La nueva ley del divorcio en Dinamarca hará que te preguntes si vale la pena casarse

Para divorciarse, Dinamarca obliga a tres meses de reflexión, terapia de pareja y cursos tras el divorcio para reducir el impacto emocional y económico

Dinamarca tiene una de las estadísticas de divorcio más altas de la Europa Occidental, por cada dos matrimonios, un divorcio. Para ponerle remedio, el Gobierno del país escandinavo aprobó una reforma de la ley matrimonial —que ya está en activo— para dificultar el divorcio. Ahora, en cambio de solicitarlo con un sencillo formulario, las parejas están obligadas a esperar tres meses y, además, acudir a terapia de pareja antes de disolver la unión porque “la terapia ayuda a superar las dificultades y mantener los matrimonios unidos ahorra mucho dinero al Estado”, informa el medio danés Politiken.

Según diversos ayuntamientos, este programa funciona. En la municipalidad Ringkøbing-Skjern, uno de los pueblos que hicieron el programa piloto, el divorcio ha disminuido en un 17%. Además, cada año más y más parejas piden acudir a terapia para solucionar sus problemas y no acabar divorciándose (aunque no siempre sea posible superar las diferencias).

Este programa existe para reducir los costes humanos y financieros de un divorcio”, explica Gert Martin Hald, un psicólogo de la Universidad de Copenhague, al diario británico The Guardian. “Es mejor prevenir que curar”, añade Jette Haislund, concejal de Ringkøbing-Skjern, que aplaude la terapia para solucionar los encontronazos y evitar los divorcios. Según el diario, el recibimiento del público de esta medida ha sido eminentemente positivo, con solamente el partido Liberal (minoritario) en contra porque supone una “intrusión del Estado en las vidas privadas”.

El proceso, además, continúa después del divorcio. Obligan a las exparejas a participar en un curso titulado “cooperación tras divorcio”, en el que deben escoger entre 17 módulos de media hora en los que les ayudan a mejorar su comunicación y a tratar temas de tensión que puedan haber creado los problemas por los cuales se divorciaron. Es decir, facilitar la transición para que no haya problemas familiares que desemboquen en pleitos, denuncias y juicios, procesos que cuestan dinero al Estado.

¿Por qué casarse?

Sin embargo, esta medida suscita otra pregunta. Si la ratio de divorcio es tan alta (en Dinamarca, el 5 de cada 10 matrimonios acaba en divorcio, pero en España es superior: son 7 de cada 10), ¿por qué nos seguimos casando?Cada año en España suben los divorcios (aunque a un ritmo lento, entre el 1 y el 2% interanual, según informa RTVE) y disminuyen los matrimonios a una mayor velocidad. Pero eso no quiere decir que hayamos dejado de emparejarnos, claro. El amor y las relaciones siguen siendo parte de nuestra vida, pero cada vez más los jóvenes decidimos no casarnos. Por eso toca reflexionar si el matrimonio no es ya una institución caduca.

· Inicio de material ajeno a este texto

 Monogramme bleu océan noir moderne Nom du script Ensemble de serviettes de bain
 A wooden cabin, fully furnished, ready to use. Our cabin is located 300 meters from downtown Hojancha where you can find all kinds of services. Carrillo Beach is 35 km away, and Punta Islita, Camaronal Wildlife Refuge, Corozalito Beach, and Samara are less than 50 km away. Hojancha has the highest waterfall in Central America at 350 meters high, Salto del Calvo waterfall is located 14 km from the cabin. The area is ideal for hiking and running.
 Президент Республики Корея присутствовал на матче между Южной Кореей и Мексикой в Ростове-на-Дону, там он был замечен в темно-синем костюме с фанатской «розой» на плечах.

¿Qué sacamos los jóvenes casándonos? La mayoría te responderá que beneficios legales y fiscales, pero pocos te dirán que el casarse condiciona su amor. Esa idea tan arcaica que asocia amor verdadero a matrimonio ya está desfasada, somos igual de felices, enamorados y románticos en una relación o pareja de hecho. Y ya no solo el matrimonio, sino que hasta replanteamos la propia monogamia, con nuevas formas de relacionarnos como relaciones abiertas, poligamia o agamia.

La filosofía que envuelve las relaciones está cambiando. Hemos asumido sin miedo que el amor no suele durar toda la vida (¡aunque si lo hace bienvenido sea!) y que no hace falta sellar nuestro compromiso con un matrimonio. El amor, al final, debe durar lo que debe durar, sin forzarlo, porque cada persona tiene un momento de tu vida y a veces es necesario dejar ir y no aferrarse a personas cuyo momento ya ha pasado. Por eso también hay un cierto miedo al matrimonio: porque para disolverlo requiere un proceso legal demasiado largo (y que países como Dinamarca están haciendo todavía más burocrático, por muy beneficiosa que sea la medida) que no facilita el pasar página sin heridas.

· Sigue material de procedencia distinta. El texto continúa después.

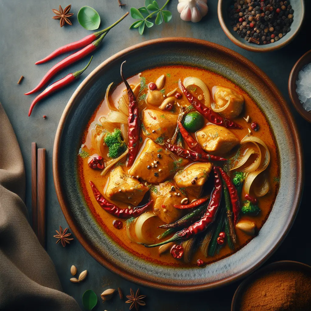 Kesar Anardana Murgh is a delightful Indian dish that combines the rich flavors of saffron (kesar) and dried pomegranate seeds (anardana) with succulent chicken. This dish is known for its aromatic and tangy taste profile, where the saffron adds a luxurious touch, and the anardana imparts a subtle sourness. The chicken is cooked in a rich, spiced gravy that is both creamy and slightly spicy, making it a favorite among those who enjoy a balance of flavors. This dish is often served during special occasions and is loved for its unique combination of ingredients that create a memorable culinary experience.

Eso también se traduce en la edad media del primer matrimonio, que aumenta anualmente en España (34 años) porque nos da miedo lanzarnos demasiado precipitadamente sin estar muy convencidos, con todo bien cerrado emocionalmente. Al final, si los números continúan con la misma tendencia, cada vez tendremos menos matrimonios, con hijos concebidos extramatrimonialmente y los que se decidan a pasar por el altar lo harán de muy mayores. Los tiempos están cambiando y, aunque en Dinamarca intenten ponerle puertas al campo, lo cierto es que el futuro del matrimonio, al menos tal y como lo conocemos, parece tener los días contados.